> [Your goal]:
Only the lines of the listing below that run from the line with "翅萼石斛是兰科石斛属的植物。" through the line with "Inspired by the" are to be set down, word for word. Pictures stay out.

> [Material for the task]:
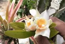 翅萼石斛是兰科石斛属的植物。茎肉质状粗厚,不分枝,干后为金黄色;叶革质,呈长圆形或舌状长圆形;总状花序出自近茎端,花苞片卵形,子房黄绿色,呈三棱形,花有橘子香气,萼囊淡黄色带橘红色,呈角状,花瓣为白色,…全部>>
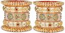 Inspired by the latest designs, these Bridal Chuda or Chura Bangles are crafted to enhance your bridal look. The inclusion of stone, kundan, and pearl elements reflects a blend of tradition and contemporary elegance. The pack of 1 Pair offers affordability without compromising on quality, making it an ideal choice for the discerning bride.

==

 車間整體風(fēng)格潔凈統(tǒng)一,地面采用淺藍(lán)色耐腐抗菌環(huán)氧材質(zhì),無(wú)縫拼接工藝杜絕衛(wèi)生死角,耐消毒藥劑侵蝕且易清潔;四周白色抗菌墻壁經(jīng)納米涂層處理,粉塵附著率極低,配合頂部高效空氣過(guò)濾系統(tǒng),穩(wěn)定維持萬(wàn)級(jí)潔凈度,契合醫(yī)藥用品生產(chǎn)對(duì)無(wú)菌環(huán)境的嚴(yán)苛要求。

==

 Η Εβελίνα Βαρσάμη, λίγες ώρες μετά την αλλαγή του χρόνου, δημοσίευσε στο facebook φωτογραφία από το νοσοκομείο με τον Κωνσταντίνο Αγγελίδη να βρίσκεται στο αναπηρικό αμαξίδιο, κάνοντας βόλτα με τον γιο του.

> [Final answer]:
 翅萼石斛是兰科石斛属的植物。茎肉质状粗厚,不分枝,干后为金黄色;叶革质,呈长圆形或舌状长圆形;总状花序出自近茎端,花苞片卵形,子房黄绿色,呈三棱形,花有橘子香气,萼囊淡黄色带橘红色,呈角状,花瓣为白色,…全部>>
 Inspired by the latest designs, these Bridal Chuda or Chura Bangles are crafted to enhance your bridal look. The inclusion of stone, kundan, and pearl elements reflects a blend of tradition and contemporary elegance. The pack of 1 Pair offers affordability without compromising on quality, making it an ideal choice for the discerning bride.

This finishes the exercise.